EXERCISE PROMPT: Restate all the data word for word and omit the pictures.

INPUT DATA:
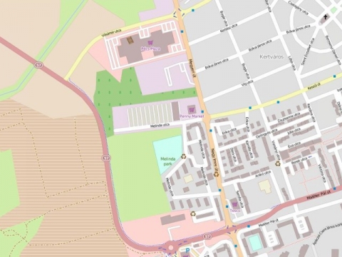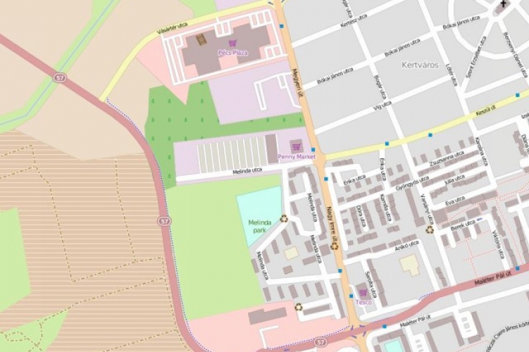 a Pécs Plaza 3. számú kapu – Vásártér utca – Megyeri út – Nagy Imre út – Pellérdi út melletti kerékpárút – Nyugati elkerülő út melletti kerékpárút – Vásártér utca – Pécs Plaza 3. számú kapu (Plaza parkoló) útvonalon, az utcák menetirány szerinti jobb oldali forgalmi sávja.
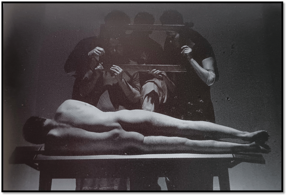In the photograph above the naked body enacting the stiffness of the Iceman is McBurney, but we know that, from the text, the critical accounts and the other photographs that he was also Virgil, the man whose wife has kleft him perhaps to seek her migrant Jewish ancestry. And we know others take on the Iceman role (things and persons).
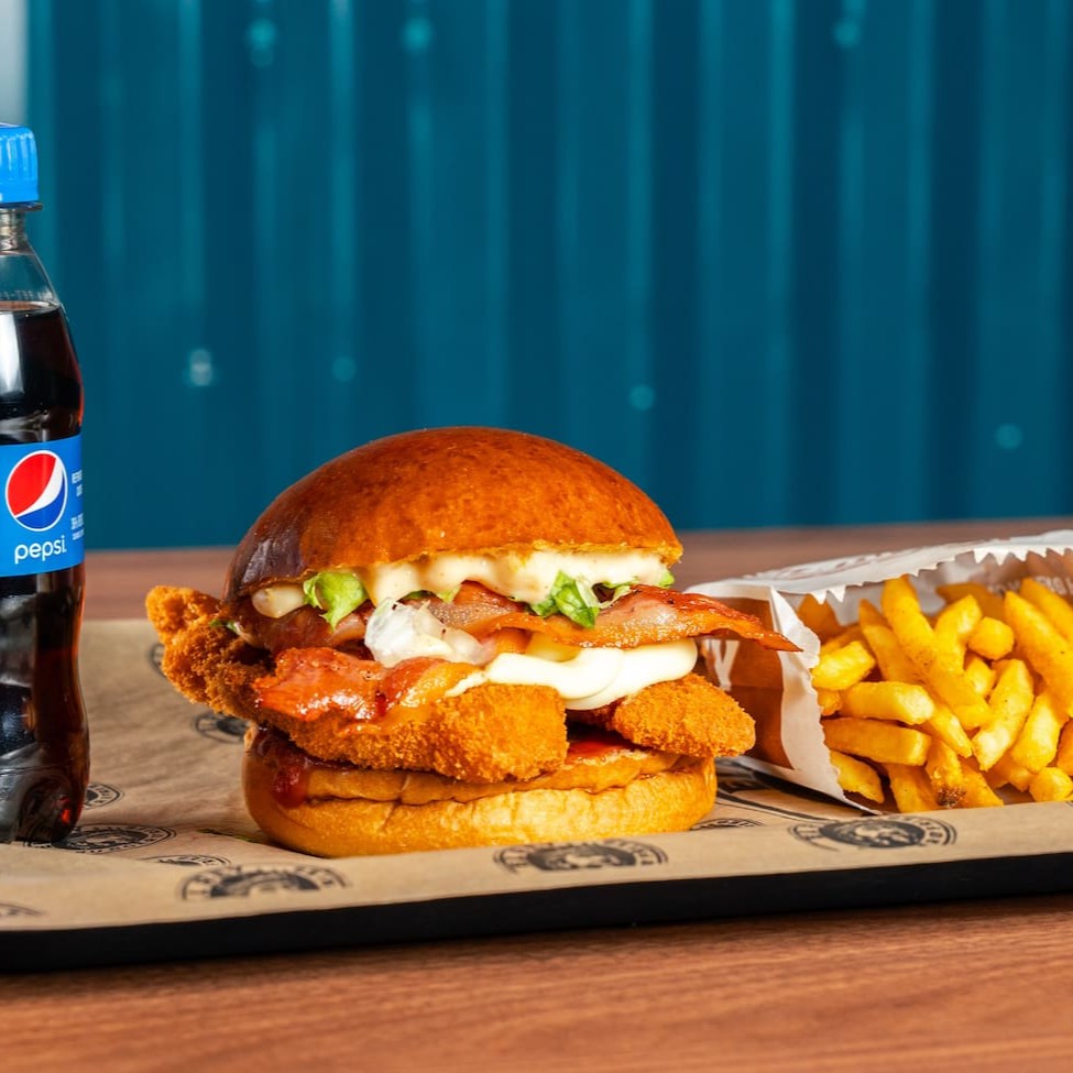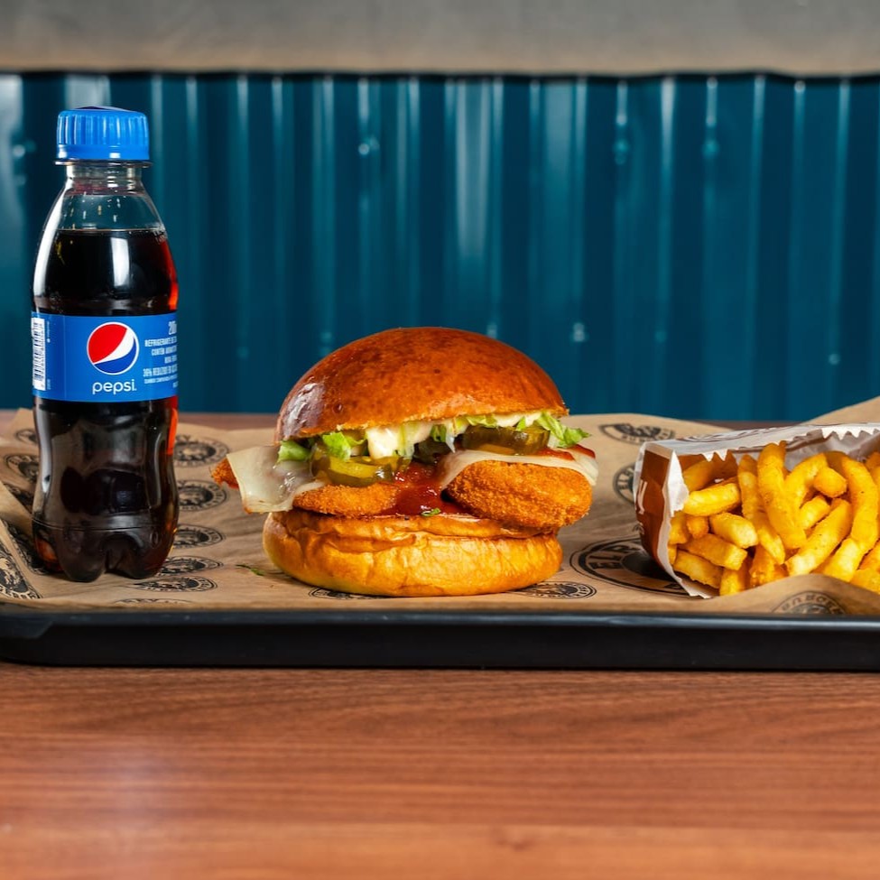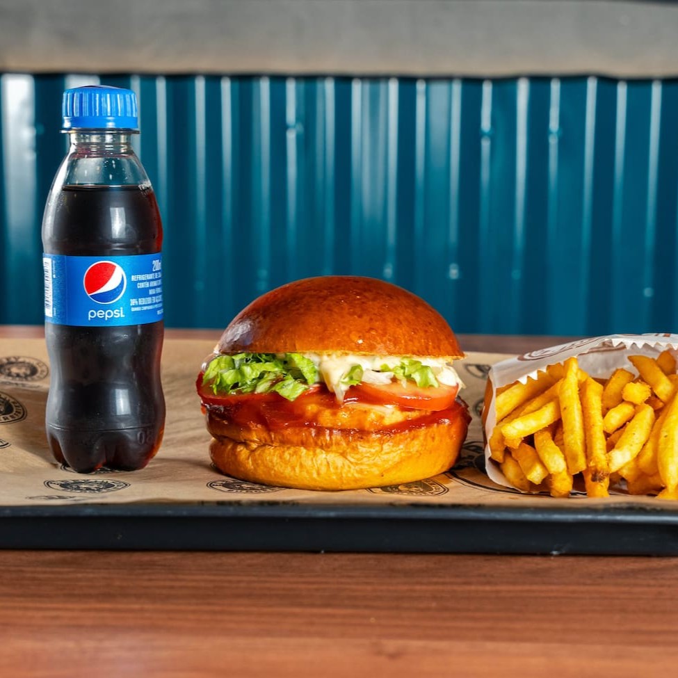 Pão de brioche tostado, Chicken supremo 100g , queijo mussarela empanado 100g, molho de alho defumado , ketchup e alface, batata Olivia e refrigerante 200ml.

TASK RESPONSE:
 a Pécs Plaza 3. számú kapu – Vásártér utca – Megyeri út – Nagy Imre út – Pellérdi út melletti kerékpárút – Nyugati elkerülő út melletti kerékpárút – Vásártér utca – Pécs Plaza 3. számú kapu (Plaza parkoló) útvonalon, az utcák menetirány szerinti jobb oldali forgalmi sávja.
In the photograph above the naked body enacting the stiffness of the Iceman is McBurney, but we know that, from the text, the critical accounts and the other photographs that he was also Virgil, the man whose wife has kleft him perhaps to seek her migrant Jewish ancestry. And we know others take on the Iceman role (things and persons).
 Pão de brioche tostado, Chicken supremo 100g , queijo mussarela empanado 100g, molho de alho defumado , ketchup e alface, batata Olivia e refrigerante 200ml.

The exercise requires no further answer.